PresGANs: Researchers Proposed New Generative Adversarial Network Model

A group of researchers from Columbia University, the University of Cambridge and Google DeepMind, has proposed a novel type of Generative Adversarial Networks (GANs) – Prescribed Generative Adversarial Networks.

The new GAN model addresses two major problems and limitations of Generative Adversarial Networks in general: mode collapse and the difficulty to evaluate the generalization capabilities. GANs have had a major success in a number of generative tasks in the past several years. However, the two mentioned limitations have not been successfully overcome by researchers.

Prescribed GANs are solving these two issues by optimizing an entropy-regularized adversarial loss and by adding noise to the output of a density network. This means that PresGANs models are maximizing the entropy of the generative distribution, which in turn provides a learned distribution with preserved modes. Moreover, the added noise has additional positive effects such as stabilizing the training procedure, which for GANs is generally-known to be unstable and providing approximations of the predictive log-likelihood.

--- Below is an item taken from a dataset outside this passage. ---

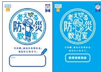
Left: Learning material for upper grades of elementary school (A4, 40 pages, full color) Right: Teacher handbook (with worksheets and supplementary teaching materials for the class, A4, 40 pages, full color)

In response to the increased need for disaster response education following the Tohoku earthquake and tsunami of 2011, we created an original textbook for an upper elementary school on the theme of disaster response Lessons in Disaster Response that we distribute to local elementary schools. The textbook teaches children about natural disasters in Japan. While studying it, children take a workshop designed to impart useful knowledge about the changes that take place in people's lives when a disaster strikes. The textbook also contains a checklist of items to prepare and things to do at home to prepare for emergencies. Over a period of nine years, the textbook has been used widely at junior high schools, high schools, and universities, as well as by local governments and local residents' associations. Over 240,000 textbooks in total have been distributed.

A toy example with a mixture of Gaussian distributions comparing ordinary GAN and the novel PresGAN.

Researchers evaluated the proposed PresGANs on several datasets and showed that they can solve the problem of mode collapse and generate samples with very high perceptual quality. Moreover, they found that adversarial loss is the key component to high generated sample quality, and for this reason, GANs very often outperform models such as Variational Autoencoders (VAEs).

A more detailed description of the method and the evaluations can be found in the paper published on arxiv.